The rate was $100 per night, which “is good for New York,” she said.

Staci Pepitone was able to return to Baton Rouge for a while, but later returned to New York for surgery and at that time stayed in the Hope Lodge Jerome L. Greene Family Center, a facility of the American Cancer Society, which provides free lodging for those getting cancer treatment in Manhattan.

Hope Lodge features large communal kitchens on each floor, Pepitone said.

“A lot of people gathered there. We made a lot of good friends,” she said.

It was at Hope Lodge that Staci Pepitone met a young man from Pennsylvania, who had late-stage lung cancer and had to board a bus at 4:30 a.m. on his treatment days, to ride 10 hours to his treatment, then take the long bus ride back when it was time to return home to Pennsylvania.

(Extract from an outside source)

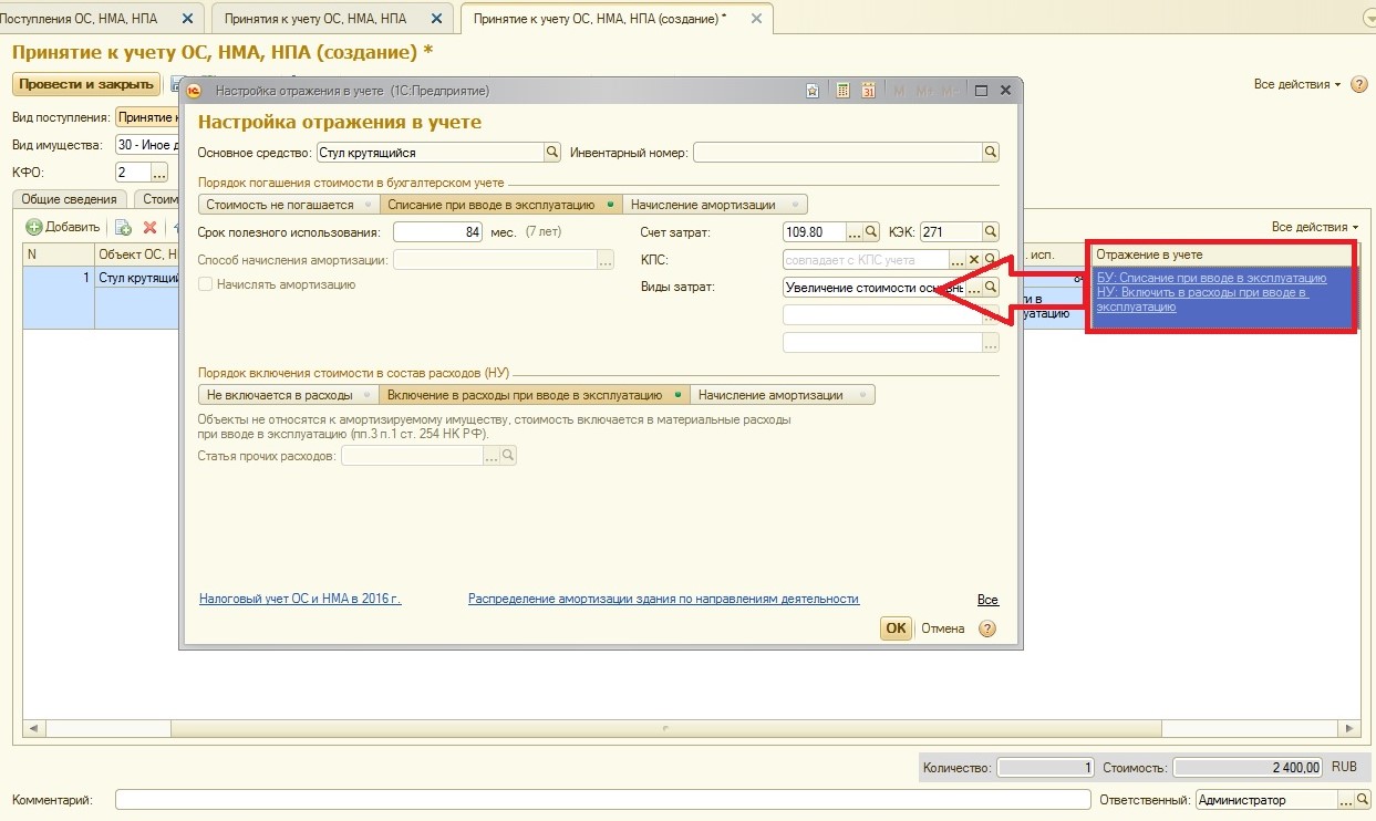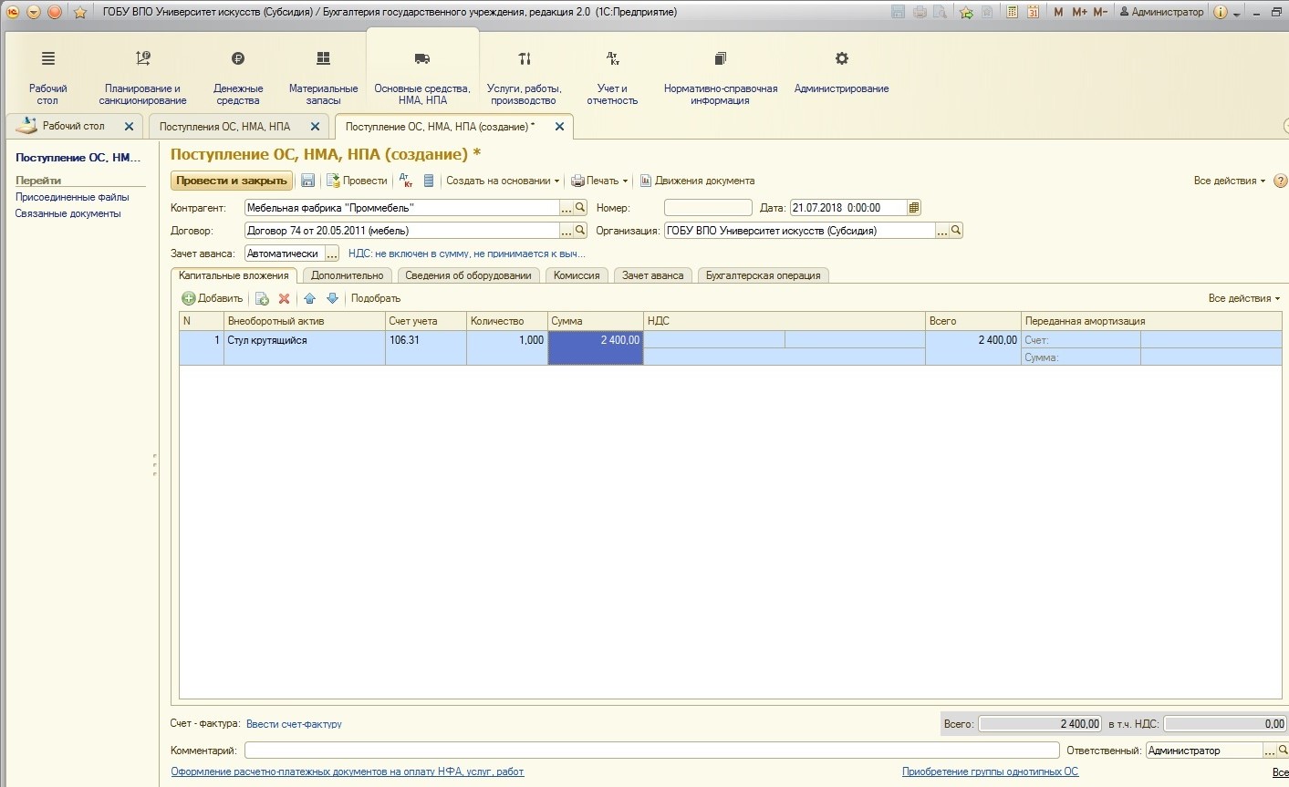 Рассмотрим пример: учреждение покупает стул, стоимость которого 2400 рублей.

Staci Pepitone’s idea for the Geaux Past Cancer organization, to help with travel costs, was formed then, her mother said.

Staci had hoped the cancer would become manageable and “she could do this when she felt better,” Brenda Pepitone said of their plans for the organization.

“Her goal when she was alive was to do something to help cancer patients get to treatment,” helping with expenses not covered by insurance, Brenda Pepitone said of her daughter.

“We would like to make that journey easier,” Pepitone said.

“You’re never going to know what’s going to happen when you’re in the cancer fight,” she said.

A physician may refer a patient to another cancer center that has a different test or a different procedure or for a second opinion, she said.

“They happen much more frequently than people may expect,” Pepitone said of referrals to treatment programs elsewhere.

And it doesn’t have to be to a place as far away as New York City to sometimes cause difficulties, she said.

In this area, people may be driving into Baton Rouge from outlying areas for cancer treatment.

“Sometimes, even here, just getting gas in the car” is hard, Pepitone said.

Such patients may also need a place to stay overnight to rest after treatment, before traveling home, she said.

“There are a number of people, I’m sure, who go through cancer by themselves,” Pepitone said.

Some people may have friends who can help them, but, if there’s no one, “We’ll try to be that friend,” she said.

“Nobody should have to go bankrupt to stay alive,” she said.

In 2008, Staci Pepitone, who continued to work at LSU through her illness, learned there was a recurrence of the cancer, and her physician said she could receive treatment in Baton Rouge.

“That’s what brought us to Mary Bird Perkins,” Pepitone said.

Last year, a “remembrance walk” was held at LSU, in memory of Staci, Pepitone said.

The Geaux the Extra Mile 5K/1-Mile Walk-Run will begin at 9 a.m. Saturday at the LSU Old Front Nine.

The registration fee is $30; participation for children 12 and younger is free.

Representatives of the Mary Bird Perkins-OLOL Cancer Center will be on hand with sunscreen and information, and Walgreens will be providing free flu shots and blood pressure screening for those with an insurance card.